Fé temerária, razão subtraída.



Touro, pintura de Johfra Bosschart.

Não vejo mal no exercício da liberdade altruísta. Por que temos que compreender a deidade como uma força impositiva? Por que não podemos exercer nossas ações e nossas vontades, considerando que delas resultam a satisfação nossa ou de muitas pessoas, sem que disso nos tornemos temerosos?


Não considero o temor a Deus uma virtude. É antes uma debilidade humana, não uma virtude. Por isso, sinto proximidade com a inquietude e a angústia que movimentaram muitos pensadores. Em alguns momentos, é a sensibilidade que me encanta; em outros, o próprio exercício literário é o que me agrada.


A argúcia de Schopenhauer. O destemor e a sensibilidade de Nietzsche. A soberba vocação para a inquietude de Unamuno. A clareza de Einstein cujos argumentos expõe para defender uma compreensão evolutiva da deidade.


Por que uma postura destemida deve ser considerada maligna?  A inclinação dessas questões não satisfaz um entendimento parcimonioso. Quando o exercício da cética como atitude elaboradora das convicções foi compreendida como instrumento do maligno? As indagações não são o ponto de partida na construção do conhecimento humano?



Percebo que, para a abastada maioria, o divino funciona como uma bengala, sem a qual não se pode suportar o peso de si mesmo. Mal e bem se equivalem na manipulação de elementos sagrados e elaboração de uma normatividade ritualística, impositiva para a conduta humana, voltadas à consecução de fins predeterminados. E é aqui o ponto no qual se distanciam, o direcionamento dos fins pretendidos.

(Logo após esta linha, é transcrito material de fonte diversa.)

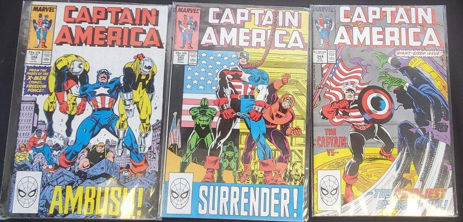 3PC CAPTAIN AMERICA LOT (8.0) #344-346!! 1988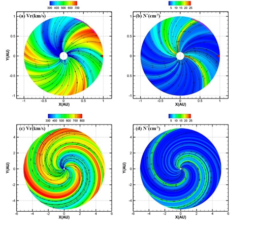 图2:由数据驱动的太阳风解析模型得到的行星际太阳风背景结构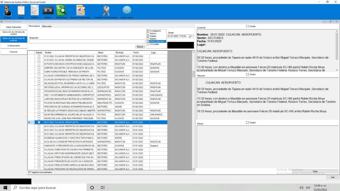 “... y estaba la otra vertiente, que era la de las problemáticas sociales, toda problemática social, que se informara tanto quiénes eran los líderes, por qué traían esa problemática, cuál era su inconformidad, si algún crítico, tanto de oposición, o de casa, como se manejaba, se informaba también. A partir de ahí, ya no teníamos nosotros, nunca información, digamos, de retroalimentación, era: ustedes manden la información, y acá ya se toman las decisiones”.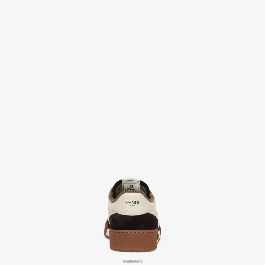 Fendi Match compact design sneakers with vintage label on tongue. Branded with FF pattern sewn on the side and embossed Fendi lettering on the sole. Made of black suede with white leather details. Embellished with black terry collar and laces. Covered rubber cupsole with brown bumper. The style includes a second pair of white terry laces.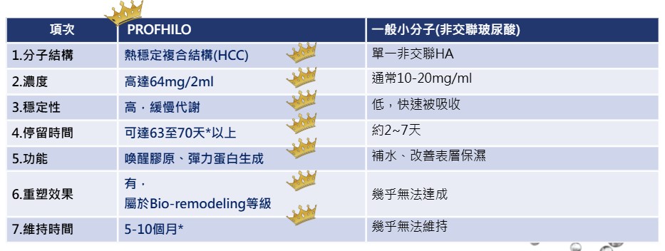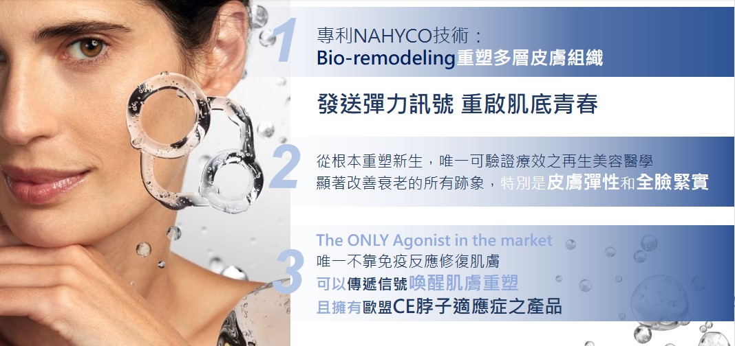 - 專利成分: 採用瑞士IBSA藥廠的專利NAHYCO™技術,將高分子與低分子玻尿酸穩定結合,形成高濃度、高純度的複合成分 (Hybrid Cooperative Complexes)。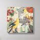 Dieses Bild von gelben Papageien und Blume ist eine wunderschöne moderne Collage aus mehreren antiken Malereien von Vögeln, Blume und Vogelkäfigen.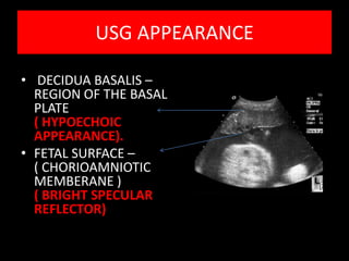 This document provides information on placental grading and ultrasound appearance of the placenta. It describes the four grades of placental maturity based on ultrasound findings. Grade 0 is seen in the first trimester and is characterized by a smooth echopattern. Grades 1-3 are seen later in pregnancy and are distinguished by the presence and pattern of calcifications. Abnormal placenta features like circumvallate, succenturiate lobe, and membranous placentas are also described. The document concludes with descriptions of twinning ultrasound signs and examples of placental hematomas.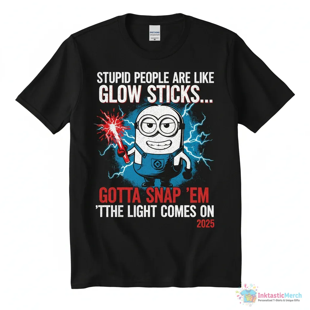 Show off your unique sense of humor with the “Minion Stupid People Are Like Glow Sticks Out of Them Until the Light Comes On 2025” shirt from InktasticMerch. Crafted for comfort and durability with ultra-soft fabric and a high-quality print, this shirt is more than just clothing – it’s a statement designed to spread cheer and spark conversations.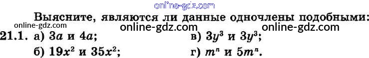 Готовые домашние задания по Алгебре за 7 класс Задачник Мордкович, Александрова Базовый уровень 2013 - § 21. Сложение и вычитание одочленов Глава 5 1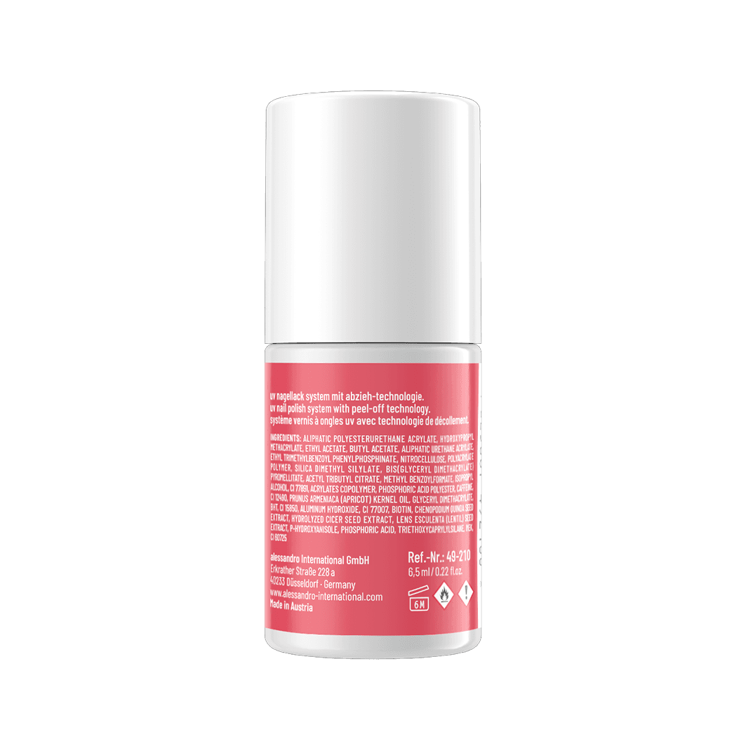 - acetonfreie Ablösung möglich mit Peel Off Remover / bei stärkerer Haftung empfehlen wir den Uv Polish Remover in Kombination mit den Uv Polish Remover Clips
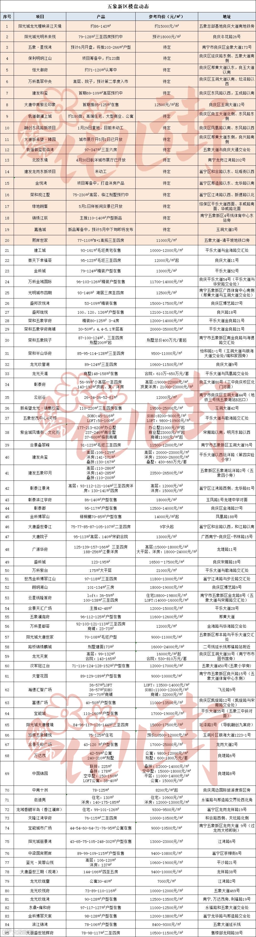 从在售楼盘情况来看,目前五象主力在售楼盘达到85个,其中新盘就达到20个,其余区域除了青秀6个外,基本上都是2-3个。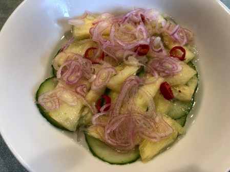 Having recently returned from Vietnam, where sweet & sour salads are commonplace, we jumped at the opportunity to make this dish. All the more so, because we had hot, cayenne chillies growing in our garden.

Mas ponhamos desde logo o mal em evidência, em toda a sua diversidade: cada qual nele reconhecerá o que lhe diz respeito pessoalmente. Ao mesmo tempo, dar-te-ás conta de tudo quanto tens menos a sofrer deste descontentamento de ti, do que aqueles que, estando ligados por uma profissão de fé faustosa e ornando com um nome pomposo a miséria que os consome, teimam no papel que escolheram, menos por convicção que por questão de honra.
Sêneca, em resposta às inquietações de Sereno, “Da tranquilidade da alma”.